Published on July 2, 2024
Written by:
Lore Apostol
Lore Apostol
Infosec Writer & Editor

A China-nexus cyber-espionage group has been observed exploiting a zero-day vulnerability in Cisco NX-OS Software to deliver malware, a Sygnia report says, attributing the exploit to the Velvet Ant threat actor. The newly discovered CVE-2024-20399 command injection flaw affects a wide range of Cisco Nexus switches, for which this operating system is specifically used.

NX-OS is based on a Linux kernel but provides its own set of commands using the NX-OS CLI. An attacker would need a “jailbreak” type of vulnerability to escape the NX-OS CLI context and execute commands on the Linux OS from the Switch management console, and CVE-2024-20399 permits arbitrary code execution leveraging valid administrator credentials.

The cybercriminal group exploited this vulnerability as a ‘zero-day’ and executed commands on the Cisco Nexus devices’ operating system to deploy previously unknown custom malware, which permitted remote access to the compromised devices, uploading additional files, and remote code executions.

This medium-severity vulnerability impacts MDS 9000 Series Multilayer, Nexus 3000 Series, Nexus 5500 Platform, Nexus 5600 Platform, Nexus 6000 Series, Nexus 7000 Series, and Nexus 9000 Series switches in standalone NX-OS mode.

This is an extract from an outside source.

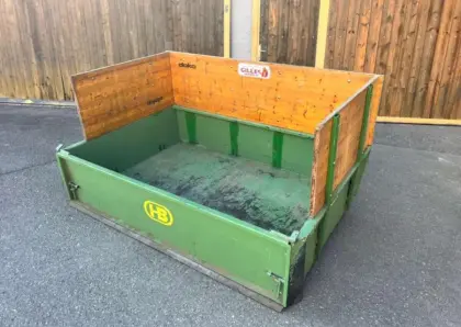 Verkaufe Brantner Heckschaufel aufgrund einer Neuanschaffung (breitere Schaufel). Breite 190 cm außen, Tiefe circa 123 cm, Höhe circa 90 cm (mit selbst gebauten Aufs

Velvet Ant was seen compromising Internet-exposed legacy F5 BIG-IP appliances to maintain access to the target network of an unnamed organization located in East Asia for about three years. The threat actor achieved remarkable persistence within the environment of one victim company and hijacked execution flow via DLL search order hijacking, Phantom DLL loading, and DLL sideloading for espionage.